As US and British warships are concentrating in the region around the Gulf, local Arabs fear that a western military strike against their fellow Muslim neighbour Afghanistan is imminent.
Around 24 British Royal Navy warships as well as 23,000 British troops are gathering in Oman for long-planned exercises with the Omanis, known as Saif Sareea 2.
It's the biggest British military deployment to the Middle East since the Gulf war of ten years ago, but British officers insist that despite the rumours, it remains purely an exercise.
On the scorching deck of HMS Illustrious, Britain's most powerful aircraft carrier, Harrier jump-jets and Navy helicopters stand in neat lines, their fuselages glinting in the midday sun.
The ship slid quietly into Salalah harbour on Sunday, taking extra security precautions in view of last year's attack on the USS Cole in Aden, when suicide bombers blew a hole in its side and killed 17 US sailors.
The arrival of this aircraft carrier, Britain's primary 'on-call' warship, has added to the military options available to the planners back home.
Rear-Admiral James Burnell-Nugent, the British Task Force Commander and the most senior British naval officer in the Middle East, insists that his ships are here purely to exercise, but he admits that they offer a degree of flexibility.
Military options
That could be vital if Arab countries in the region, like Saudi Arabia, are unwilling to allow airstrikes to be launched from their soil.
"Maritime assets, ships, do have the advantage that they can operate out at sea in international waters and there isn't the same degree of dependence on the political dimension of getting approval from host countries, and that is certainly an advantage", explains Rear Admiral James Burnell-Nugent.
I asked the man in charge of the carrier's warplanes, Commander Jock Alexander, if his planes could, if called upon, reach Afghanistan.
"Technically there's no reason why they couldn't go anywhere as long as we have air refuelling which we'd need to do that, " says Commander Alexander.
"Flying from the ship ourselves, the range is about 250 miles (400km) but we would expect to get air-to-air refuelling and then we could go really wherever you want.
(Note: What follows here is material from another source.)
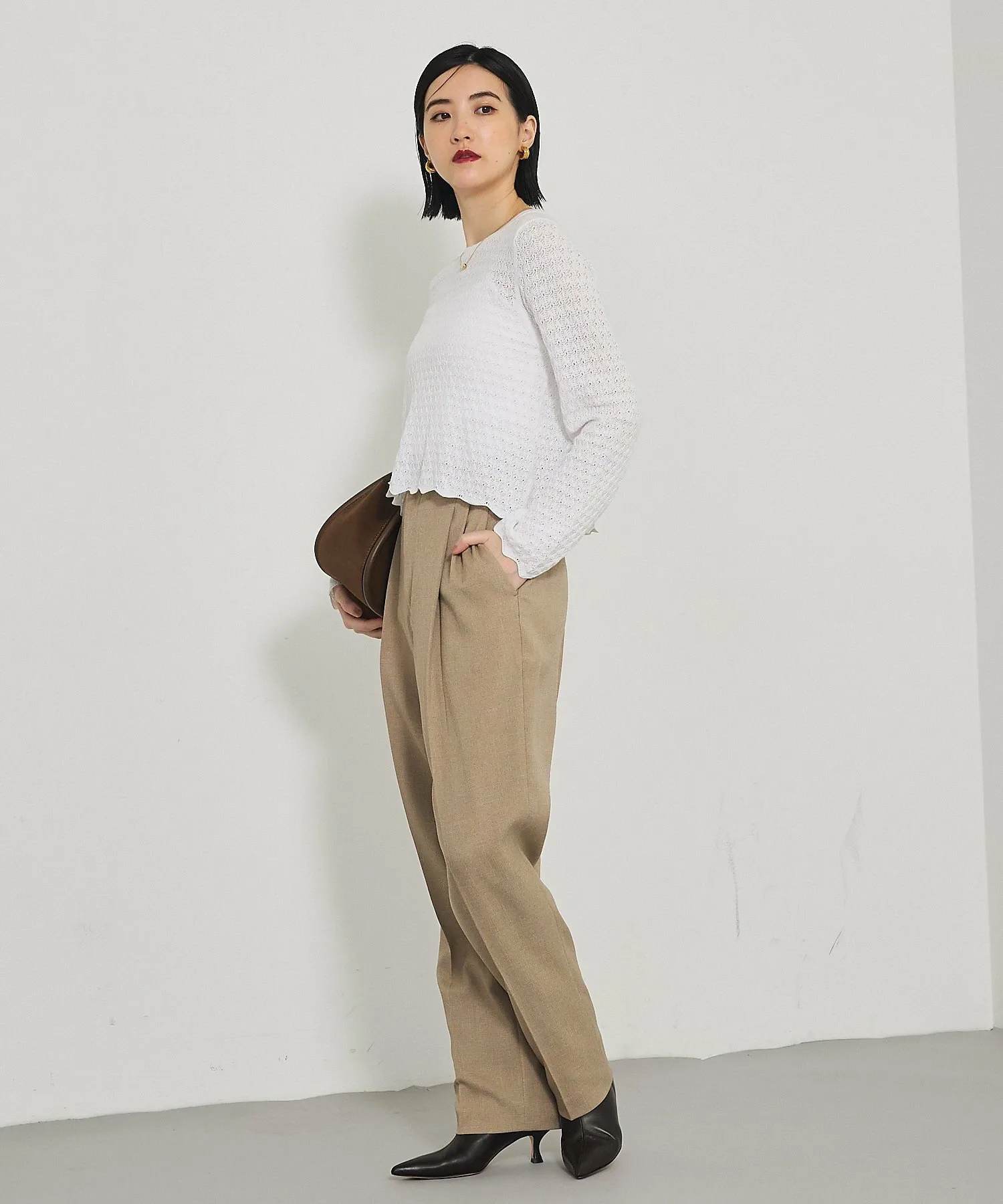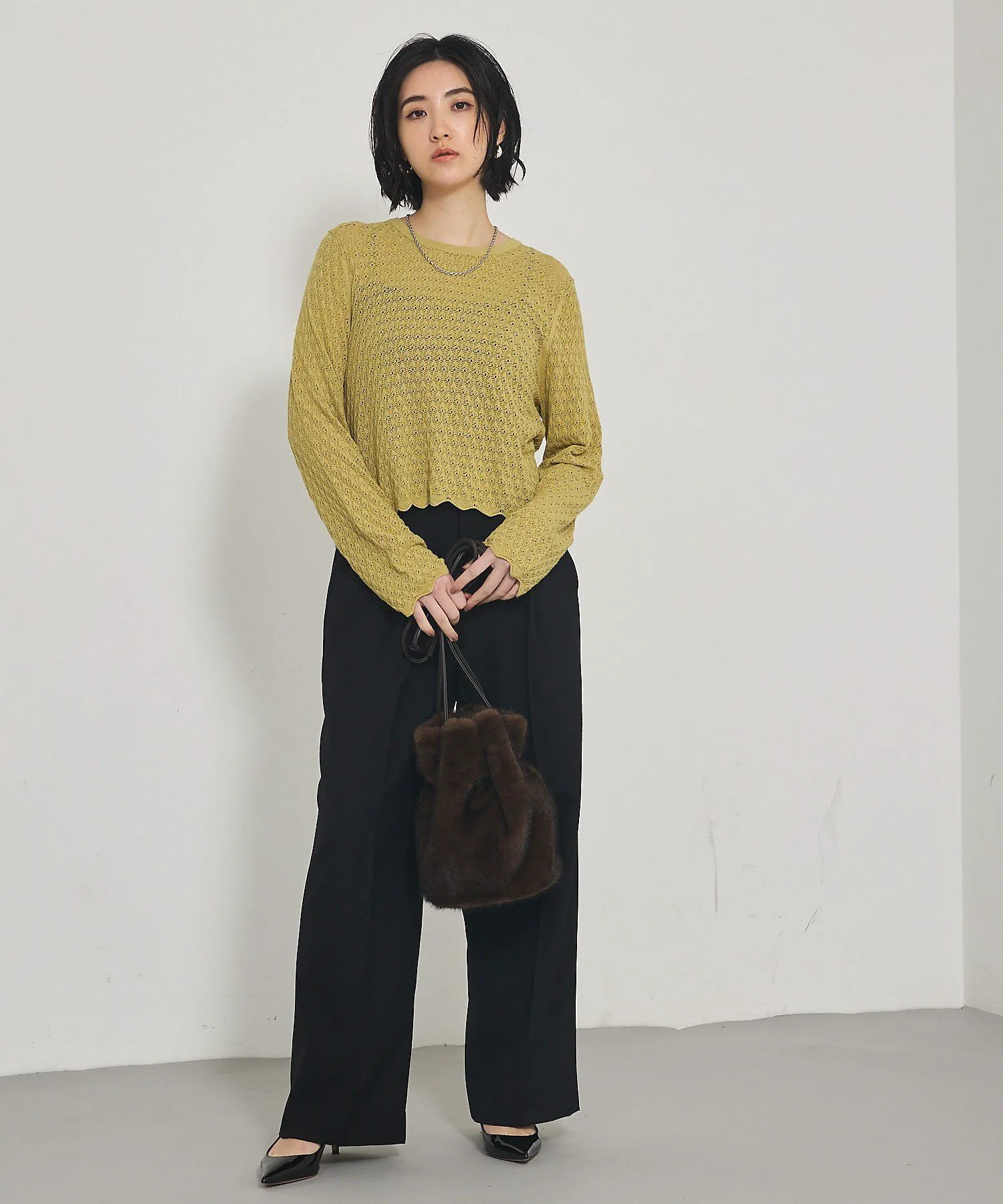 Немного укороченная длина хорошо сочетается с широкими брюками.

So, hypothetically, yes," he adds.
Ominous prescence
So how is all this military activity being seen by Omanis, the people hosting this exercise?
In the cafes and marketplaces of Oman, the exercises have become a common topic of discussion. Why, they wonder, are so many British troops in their country at such a sensitive time?
But most Omanis can see a distinction between British troops coming here to exercise and the idea of them going into action against a possible Muslim enemy.
Uncertain future
Arabs throughout the region are irritated that the West appears poised to strike Afghanistan without showing the world any convincing proof connecting either Osama Bin Laden or the Taleban to the attacks on America last month.
Some, like Faisal, an Omani merchant, worry that America is failing to learn the lessons from those attacks.
He says the West needs to solve Muslim grievances, such as those of the Iraqis and the Palestinians, or else the threat of terrorism will never go away.
"If it's true that Osama bin Laden did the things that happened in New York and they catch him and kill him, and they don't look for the reason why this happened, if they don't sort out the main problems in the world, then there will be many more people like bin Laden to follow", he said.
The one thing both the Gulf Arabs and the British soldiers here have in common, is uncertainty.
Nobody knows what the next step will be in America's war against terrorism, or whether the Gulf Arab states could become embroiled in a western military campaign they have no wish to join.